TASK ITEM » Among the entries that follow, locate the line with "Red Base Tilla" and the line with "7天地域分布的解讀,幫助我們直觀地知曉店鋪來訪訪客的核心地域。". Output those lines and all lines in between, exactly, minus the pictures.

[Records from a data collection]
--------------------------------

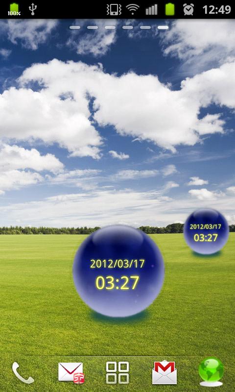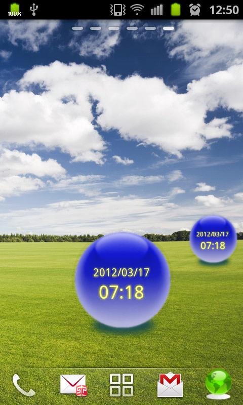 Crystal Clock widget is a simple sphere (1x1, 2x2 size). Changes to various colors depending on the time.
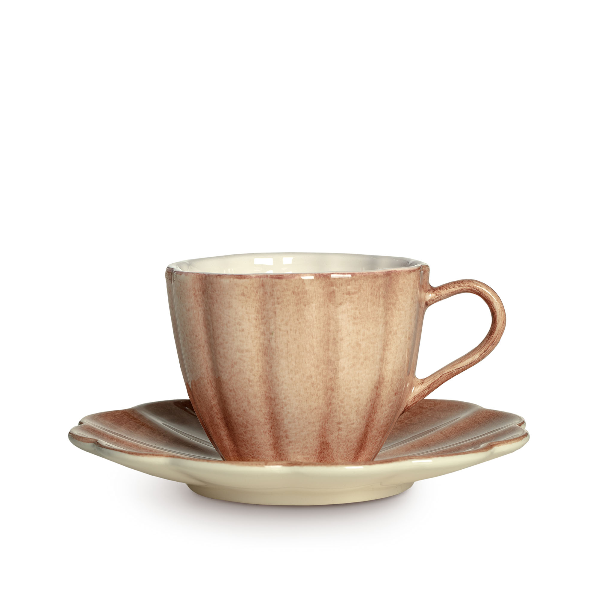 Oyster kopp med fat från varumärket Mateus i handmålad keramik. Formerna av havet samt ostron, snäckor och musslor har inspirerat vågformen i Mateus Oyster-kollektion. Designen med sitt mjuka formspråk uppfattas som lekfull men ändå sofistikerad. Koppen kommer med tillhörande assiett som lämpar sig till fika eller smörgåsar. Assietten kan även användas som förvaring till smycken och småsaker. Koppen rymmer 25cl.
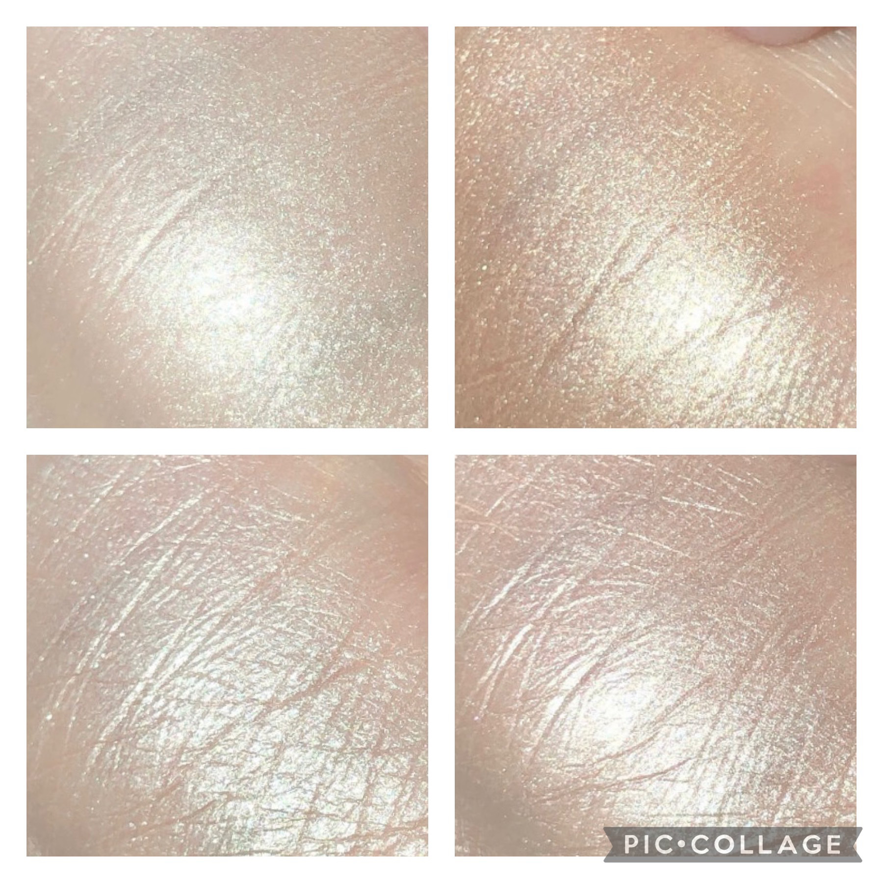 プチプラだとは思えないほどキラキラする綺麗なハイライト。ひとつ持っていて損はありません! オーロラミントは、肌につけると緑感はあまりなくて、透明感を出しながら発光してくれます。 シェルピンクはナチュラルに血色感も出しつつ馴染むカラーです
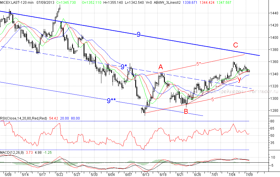 Так что сейчас у покупателей остаются все шансы на возобновление отскока, начавшегося почти месяц назад. В этом случае роль ближайшего сопротивления сыграет вчерашний максимум (1355,1 п.), основным остаётся среднесрочный падающий тренд (9) (1365-1370 пп.). Кстати, за последние 3,5 сессии сформировался небольшой «треугольник», и если он разрядится наверх, то целью этого роста будет район как раз 1370 п. Так что сегодня мы увидим либо сжатие этой пружины до предела, либо уже выход из «треугольника».
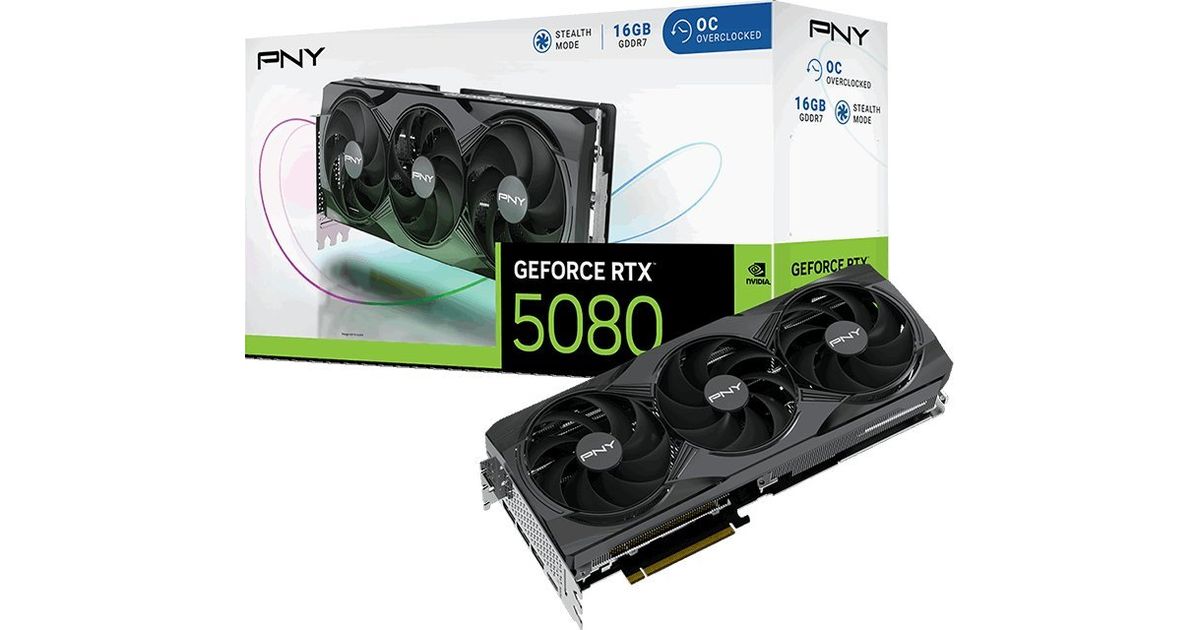 PNY GeForce RTX 5080 Overclocked Triple Fan GPU NVIDIA 16 GB GDDR7
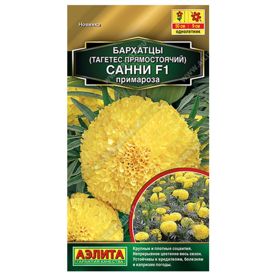 Гибрид с превосходными декоративными качествами. Махровые, по-настоящему крупные цветки достигают 8-9 см в диаметре. Бархатцы Санни F1 отличаются устойчивостью к болезням и вредителям. Серия ценится за простоту в уходе и непрерывное цветение на протяжении всего сезона. Растения среднерослые, высота* крепких, прямостоячих побегов до 40-50 см. Боковые стебли обеспечивают компактным кустикам аккуратную форму. Соцветия плотные, после дождя и полива влага не скапливается в основании лепестков. Цветки долго сохраняют яркость, свежесть и опрятный вид. Серия рекомендована для украшения клумб, бордюров, вазонов и букетов.
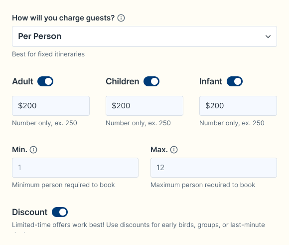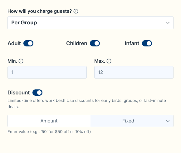 Per Person means you charge each guest individually (adult/child/infant). Per Group means you set one rate for the entire group and define how many people that covers.
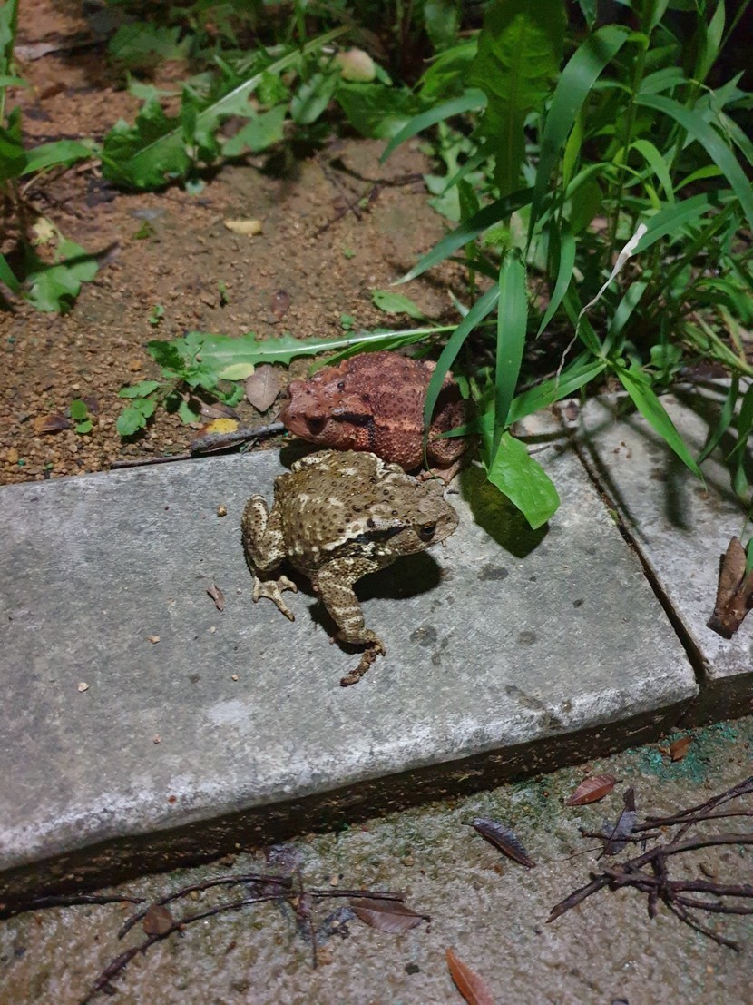 색이 다른 두꺼비 두 마리
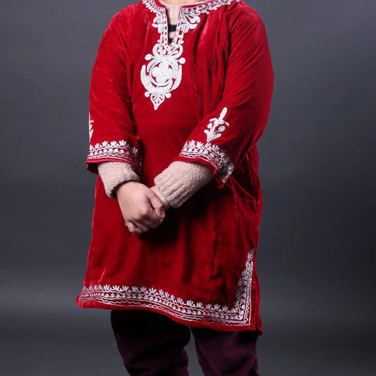 Red Base Tilla Embroidery Velvet Phiran For Kids
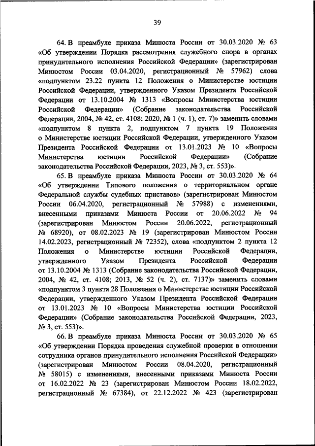 "О ВНЕСЕНИИ ИЗМЕНЕНИЙ В ПРИКАЗЫ МИНИСТЕРСТВА ЮСТИЦИИ РОССИЙСКОЙ ФЕДЕРАЦИИ В СВЯЗИ С ПРИНЯТИЕМ УКАЗА ПРЕЗИДЕНТА РОССИЙСКОЙ ФЕДЕРАЦИИ ОТ 13.01.2023 N 10 "ВОПРОСЫ МИНИСТЕРСТВА ЮСТИЦИИ РОССИЙСКОЙ ФЕДЕРАЦИИ"
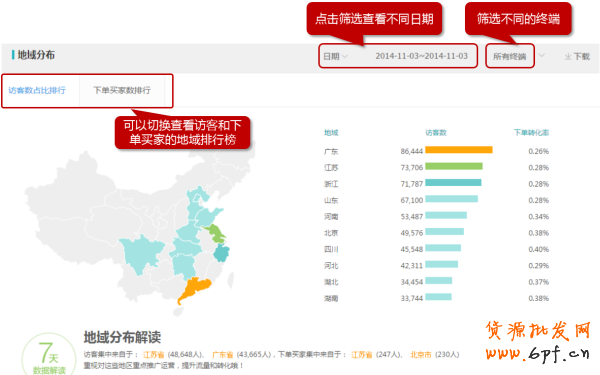 7天地域分布的解讀,幫助我們直觀地知曉店鋪來訪訪客的核心地域。
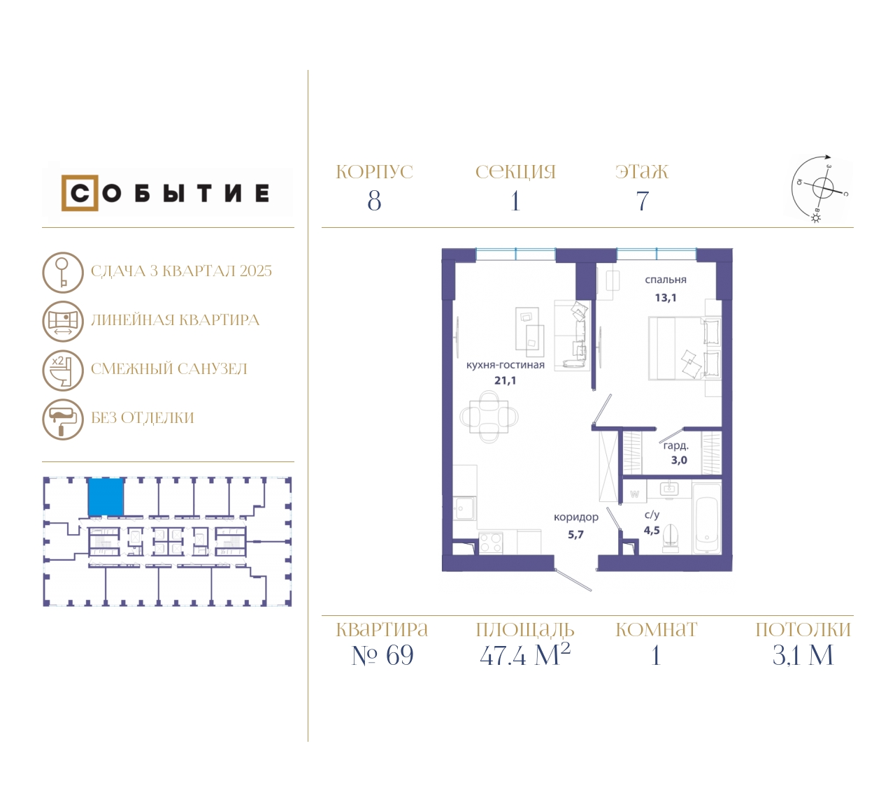 | Сентябрь 2021 | 40,8-47,7 м2 | 17 575 980 - 21 204 400 ₽ | ~445 751 ₽ | 5.08% |
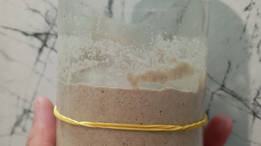 Вы уже приготовили ржаную муку, баночку, воду, весы. Теперь действуем: 1. Отмеряем на весах 60 г воды комнатной температуры. 2. Отмеряем на весах 40 г муки. 3. Смешиваем их в миске с помощью обычной ложки или силиконовой лопатки. 4. Смотрим внимательно на консистенцию: нужна консистенция средней сметаны. Если получилось жиже, добавьте муки, а если гуще, добавьте воды. 5. Перекладываем полученную смесь в приготовленную баночку, закрываем ее крышкой. Да, крышкой, не тряпочкой, не марлевой, а именно крышкой 6...
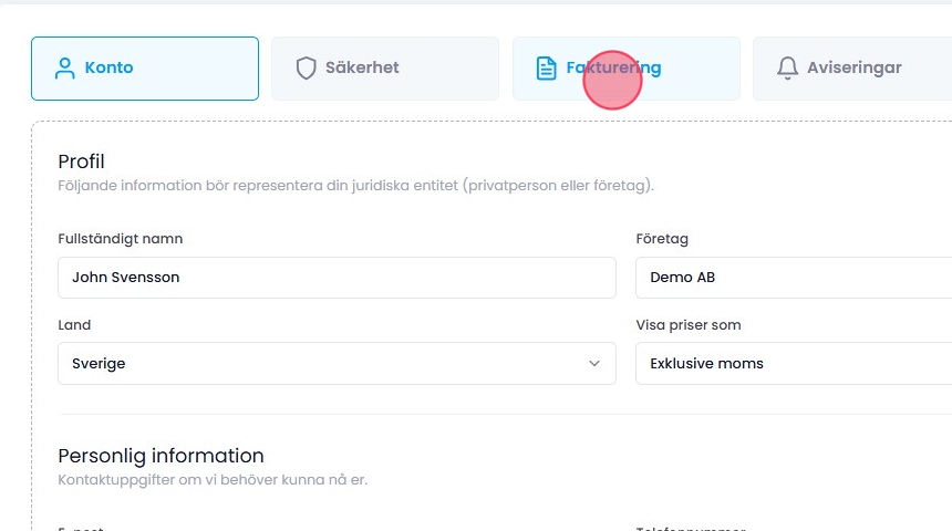 3Klicka på "Fakturering".

--------------------------------

FINAL ANSWER »
 Red Base Tilla Embroidery Velvet Phiran For Kids
 "О ВНЕСЕНИИ ИЗМЕНЕНИЙ В ПРИКАЗЫ МИНИСТЕРСТВА ЮСТИЦИИ РОССИЙСКОЙ ФЕДЕРАЦИИ В СВЯЗИ С ПРИНЯТИЕМ УКАЗА ПРЕЗИДЕНТА РОССИЙСКОЙ ФЕДЕРАЦИИ ОТ 13.01.2023 N 10 "ВОПРОСЫ МИНИСТЕРСТВА ЮСТИЦИИ РОССИЙСКОЙ ФЕДЕРАЦИИ"
 7天地域分布的解讀,幫助我們直觀地知曉店鋪來訪訪客的核心地域。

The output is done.